Desde logo, o que primeiro salta à vista: a arte soberba de Juanjo Garnido. Soberba no dinamismo para um traço tão apurado; soberba nas cores com que o desenhador a pinta; soberba no domínio pleno da anatomia dos intervenientes; soberba no retrato realista e fictício da urbe que reconhecemos sem ser citada; soberba na representação da natureza e dos seus caprichos climatéricos; soberba na caracterização de ambientes e na transmissão de emoções e sentimentos; soberba na composição de vinhetas com dezenas de figurantes e igualmente competente nas cenas a solo. Soberba, acima de tudo, na perfeita antropomorfização de todas as personagens, transformando mamíferos, aves, répteis… à imagem dos seres humanos, mantendo intactas as suas características animais mais salientes e convencendo-nos que todos eles nasceram assim: sobre duas pernas, com dois braços, falando e agindo à nossa imagem e semelhança.
Protagonistas, personagens, simples figurantes para quem, não inocentemente, Juan Díaz Canales escolheu o género (animal) em função das qualidades e, principalmente, dos defeitos geralmente associados ao ser humano, facilitando a sua identificação pelos leitores, sim, sem dúvida, mas usando também este belo artifício para melhor os caracterizar.A par disto, a escrita de Canales tem o melhor do registo policial negro, que impera em Blacksad, com um tom global depressivo e derrotista, que assenta e suporta às mil maravilhas relatos duros sobre os podres sociais, os compadrios entre a máfia e a política, a opressão dos mais pobres e desfavorecidos em nome dos interesses instalados. No caso presente, se o foco parece estar na (bela lama) Íris Allen e na sua cruzada em prol do teatro e da sua difusão junto de todas as classes através de espectáculos em locais públicos, a verdade é que tudo se joga mais acima, mais na sombra, nos gabinetes dos políticos, nos escritórios dos engenheiros e projectistas, quando o famoso ‘mestre construtor’ Solomon pretende deixar a sua última marca indelével na cidade, através da edificação de uma imponente ponte com o seu nome que irá colocar em causa os empregos e o futuro de centenas de trabalhadores ‘subterrâneos’ do metro.
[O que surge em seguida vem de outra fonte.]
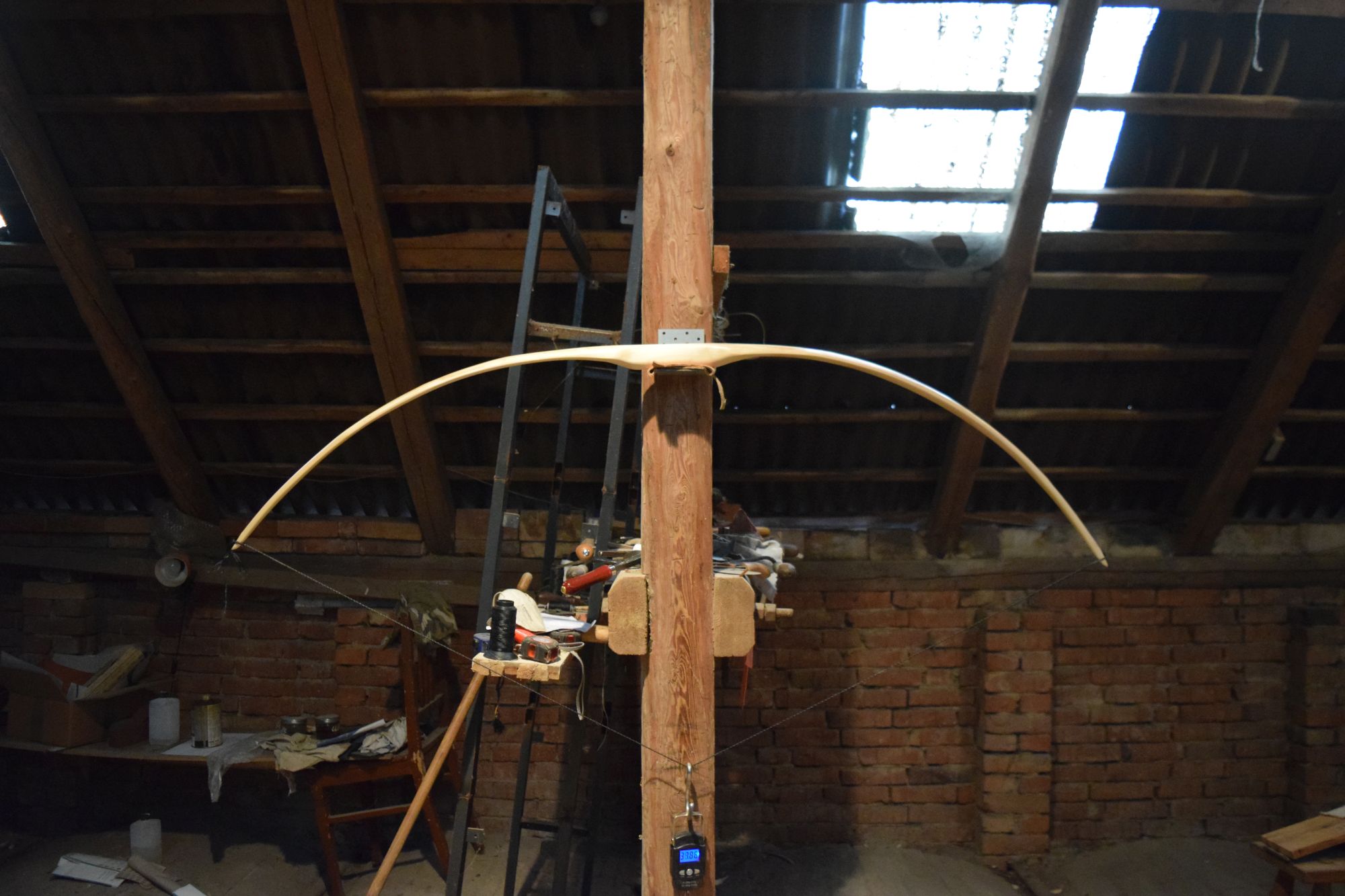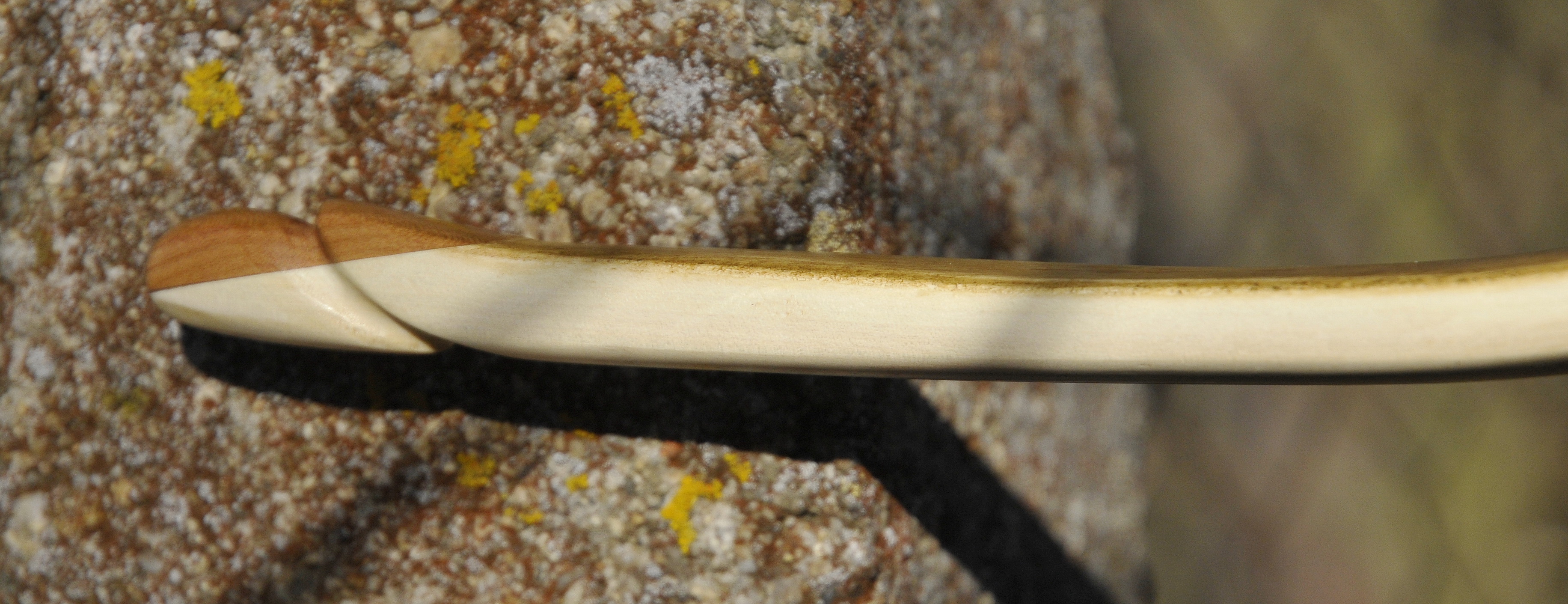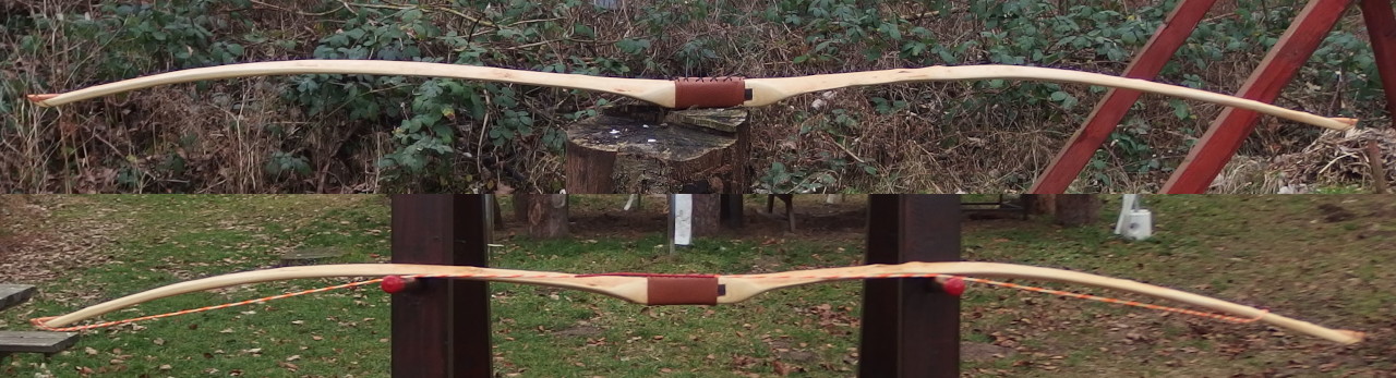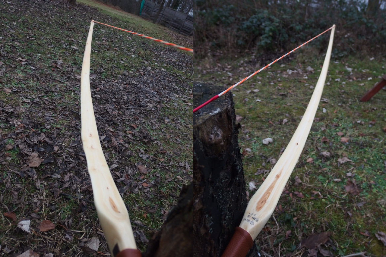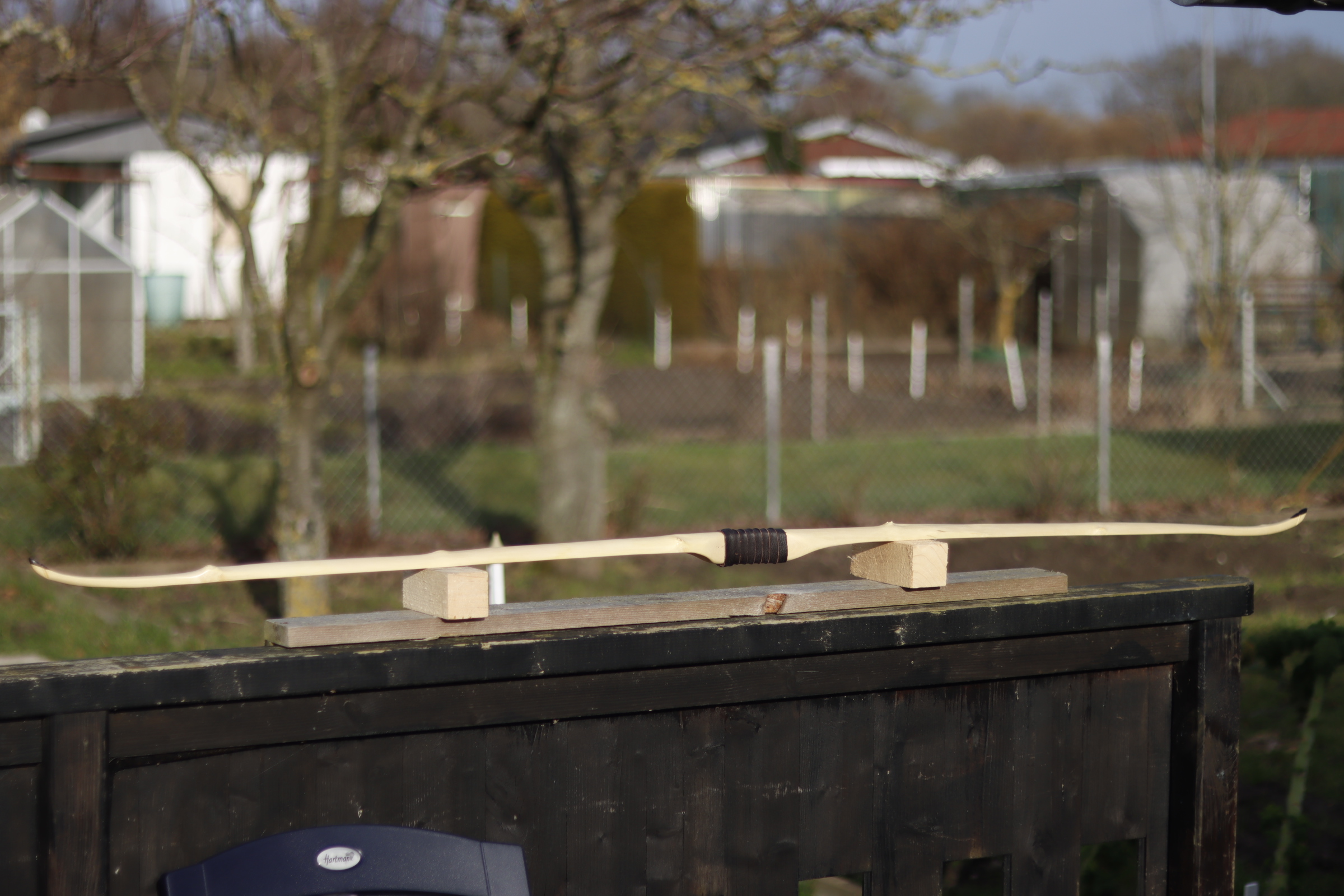 Besteht fast nur aus Splint, deflexe Biegung in beiden Wurfarmen gewachsen mit reflex ab Griff (Möwenform oder wie man das nennt). Holz hat Stringfollow, Set aber kaum. Finish Leinölfirnis / Hartöl. Arrowpass aus Wasserbüffelhorn, Griff aus Leder, Tip-Overlays aus Kirschkernholz. Sehnenlänge 1,59m, Standhöhe 15,5cm. Sehne 10 Strang B55. Breite nach Fadeout 42mm, vor Sehnenkerben an Tips knapp 11mm. Design vollpyramidal nach Augenmaß.

Desta forma, Canales combina o tom policial - porque a contagem de cadáveres vai subindo ao longo das páginas - com o relato social, a intriga política e a mensagem cultural, num relato que se vai adensando num crescendo, que ilude várias vezes as expectativas dos leitores, surpreendendo-os, e continua a aprofundar a caracterização dos seus intérpretes recorrentes, John Blacksad, o detective felino que dá nome à série, e Weekly o eterno aspirante a grande jornalista e conquistador (falhado) inveterado. À sua volta, pululam personagens fortes e marcantes, com destaque para Solomon e Íris, independentemente do que na realidade são, e outras que, com menor expressão mas não menor preponderância se vão atravessando no caminho dos protagonistas. Que, mais uma vez, parecem sempre sê-lo menos, do que simples joguetes nas mãos do acaso ou do destino, mesmo quando as suas decisões e acções parecem importar e fazer a diferença.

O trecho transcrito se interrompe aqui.